What More Can Halliburton Tell Us About the Horizon Oil Blowout and Its Risks?
A publicly available Halliburton PowerPoint presentation from last November might tell us a lot about what could have caused the oil blowout, fire and massive oil gushing at the Horizon rig.
Suppose you’re that division of Halliburton that has the dangerous job of "cementing" the drilling hole and the gaps between the hole and pipe. You’ve done this lots of times in shallow water wells, but you’ve learned through previous experience in deep water there’s a particularly difficult problem having to do with the presence of gas that has seeped to the ocean floor and been captured in essentially "frozen" crystallized formations.
The problem is that when you drill into these formations, and then try to inject cement into the hole/gaps to prevent leakage, the curing process for that creates heat. That heat can, if not controlled, cause the gas to escape the frozen crystals. If a lot of gas is released all at once, as could happen during the cement/curing process, it can cause a blowout where the cementing is occurring, or force gas and/or oil up the pipeline to the drilling rig on the surface. And the heat created by the process may be just enough to ignite the gas, causing the explosion and fire.
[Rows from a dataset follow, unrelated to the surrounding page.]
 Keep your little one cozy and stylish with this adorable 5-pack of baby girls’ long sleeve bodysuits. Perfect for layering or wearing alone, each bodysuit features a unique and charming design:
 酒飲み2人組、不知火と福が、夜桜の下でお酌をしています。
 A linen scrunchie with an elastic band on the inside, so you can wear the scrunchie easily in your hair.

Did this happen at the Horizon rig? And if Halliburton already knew about this problem months (years) ago, and knew the risks it might create, why are we just now learning about this?
From Halliburton’s presentation (large pdf), page 10, last November (my bold):
Challenges
• Shallow water flow may occur during or after cement job
Under water blow out has happened
• Gas flow may occur after a cement job in deepwater environments that contain major hydrate zones.
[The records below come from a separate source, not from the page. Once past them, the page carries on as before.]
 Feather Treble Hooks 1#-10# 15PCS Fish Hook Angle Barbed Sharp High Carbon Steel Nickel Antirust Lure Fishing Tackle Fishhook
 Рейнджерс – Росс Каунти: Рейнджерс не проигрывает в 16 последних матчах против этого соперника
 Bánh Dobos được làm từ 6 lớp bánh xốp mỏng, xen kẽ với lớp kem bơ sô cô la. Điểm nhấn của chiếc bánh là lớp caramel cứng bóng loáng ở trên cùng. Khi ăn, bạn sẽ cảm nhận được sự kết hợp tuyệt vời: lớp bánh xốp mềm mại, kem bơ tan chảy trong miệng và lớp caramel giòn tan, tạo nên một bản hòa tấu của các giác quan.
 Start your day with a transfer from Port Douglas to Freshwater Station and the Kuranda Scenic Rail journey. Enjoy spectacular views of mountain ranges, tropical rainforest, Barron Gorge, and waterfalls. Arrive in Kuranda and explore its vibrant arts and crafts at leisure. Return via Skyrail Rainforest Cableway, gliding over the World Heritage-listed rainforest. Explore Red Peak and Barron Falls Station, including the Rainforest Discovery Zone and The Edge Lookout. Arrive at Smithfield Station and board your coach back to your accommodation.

• Destabilization of hydrates after the cement job is confirmed by downhole cameras.
• The gas flow could slow down in hours to days if the de- stabilization is not severe.
• However, the consequences could be more severe in worse cases.
Page 13 lists the design objectives but then concedes they can’t all be met at once:
Deepwater Well Objectives
• Cement slurry should be placed in the entire annulus with no losses
• Temperature increase during slurry hydration should not destabilize hydrates
• There should be no influx of shallow water or gas into the annulus
• The cement slurry should develop strength in the shortest time after placement
Conditions in deepwater wells are not
conducive to achieving all of these
objectives simultaneously

The presentation goes on to explain various options for dealing with the risks and assess the relative merits and costs. What’s interesting is that Halliburton appears to have been working at the edge of the technology and was not certain what would happen. Most experience was in shallower waters and no one was certain what would happen in deep waters. It conducted tests, but it’s not clear how complete or realistic those tests were or how costs factored into the choice of techniques. From page 23:
Destabilization of hydrates during cementing and production in deepwater environments is a challenge to the safety and economics
I think we’re about to learn a lot more about how cement cures and interacts with gas-locked crystaline formations in deep water drilling.
h/t to Cynthia Kouril who seems to know about how cement cures underwater — tunnels into New York — and found the presentation.